感谢所有反馈。我是一个白痴,因为答案非常耐心地指出:问题在于mParams.amount的值,该界面没有正确更新。我不知道为什么我没有明确地检查它或在调试器中注意到它。只是其中一天。
我提供整个功能的原因是因为我完全感到困惑的是为什么事情不起作用并且担心围绕迭代器可能存在某种上下文问题 - 但正如上面所说它只需要更多一点常识。
我正在尝试使用迭代器在四通道规范化的float cv :: Mat上实现对比度过滤器,如下所示:
void FilterDepthContrast::process(cv::Mat& data)
{
typedef cv::Vec<float, 4> V;
V mid = V(.5, .5, .5, .5);
for (auto v=data.begin<V>(); v!=data.end<V>(); ++v)
{
V distanceFromMiddle = *v - mid;
cout << "v before " << *v << endl;
*v = mid + mParams.amount * distanceFromMiddle;
cout << "added on " << (mParams.amount * distanceFromMiddle) << endl;
cout << "v after " << *v << endl;
}
}
但是,* v的赋值似乎不起作用。这是印刷的内容:
v before (0.94902,0.960784,0.929412,0.211765)
added on (0.44902,0.460784,0.429412,-0.288235)
v after (0.94902,0.960784,0.929412,0.211765)
任何人都可以解释我对这个迭代器的错误以及如何修复它吗?
答案 0 :(得分:2)
您有V = (0.94902,0.960784,0.929412,0.211765)
和mid = (.5, .5, .5, .5)
所以distanceFromMiddle = V - mid = (0.44902,0.460784,0.429412,-0.288235)

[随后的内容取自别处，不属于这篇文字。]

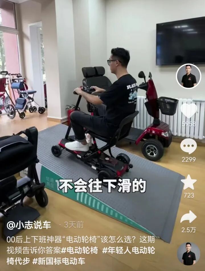 深耕老年人代步车领域的斯途康科技有限公司总经理郭信谊告诉记者,最近他确实也刷到很多电动轮椅出行的相关短视频,但就最近半个月来看,到店里咨询电动轮椅的人群依然以老年人为主,或者是年轻人买来给腿脚不便的家人使用,想买来通勤的客户很少。
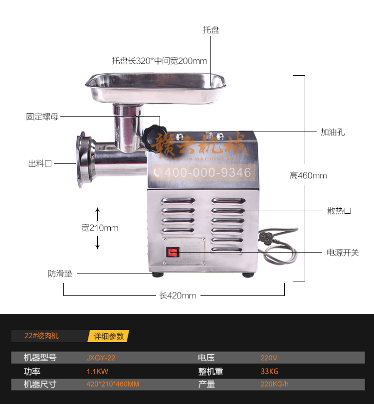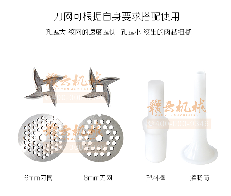 小型絞肉機適用于任何酒店、飯店、食堂、餐廳等。有不同規格的立式、臺式機型,省電省電,經久耐用,方便快捷,電動絞肉機,外形美觀,效率高,功耗低。同時,價格低廠家直銷的價格,可靠的質量,先進的高級不銹鋼,經久耐用,可長時間使用,絞肉餡效果好,性能穩定,采用進口的銅芯電機,人性化設計,安全可靠,不僅有設計安全的裝置,并且在絞肉的時候配有與任何肉類可以攪拌攪拌軸,無任何不安全因素,可以按照工藝要求切成顆;蛉饽,便于和其他輔料混合,鮮肉絞肉機器滿足不同肉制品的需要,小型絞肉機具有操作簡單,價格低,質量好。贛云食品機械為您提供各自肉制品加工設備,歡迎您前來了解。
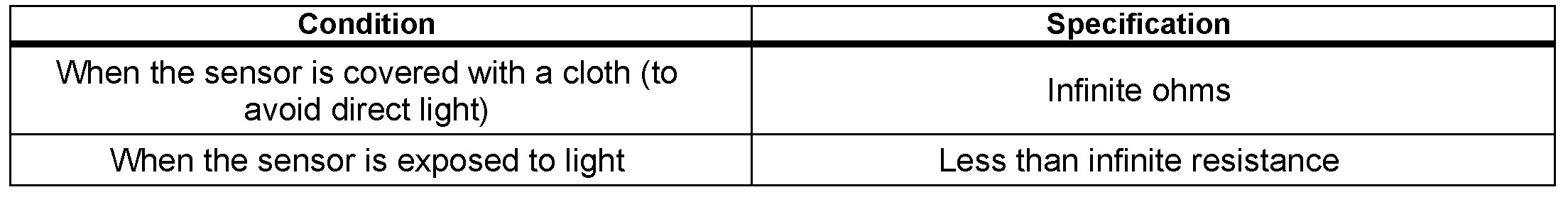 b. Measure the resistance between terminals 2 and 3 of the solar sensor under the following conditions:

但cout << "added on " << (mParams.amount * distanceFromMiddle) << endl;的输出
与distanceFromMiddle== (mParams.amount * distanceFromMiddle)
结论:mParams.amount == 1
答案 1 :(得分:1)
迭代器没有问题。 使用您的公式,您将在打印时获得结果。
了解具体方法:
V mid = V(.5, .5, .5, .5);
印刷初始* v = 0.94902,0.960784,0.929412,0.211765
申请
V distanceFromMiddle = *v - mid;
distanceFromMiddle =(0.44902,0.460784,0.429412,-0.288235)
同样印刷, (mParams.amount * distanceFromMiddle)=(0.44902,0.460784,0.429412,-0.288235)
现在申请
*v = mid + mParams.amount * distanceFromMiddle;
(。5,.5,.5,.5)+(0.44902,0.460784,0.429412,-0.288235)=(0.94902,0.960784,0.929412,0.211765)
我认为问题出现是因为mParams.amount = 1。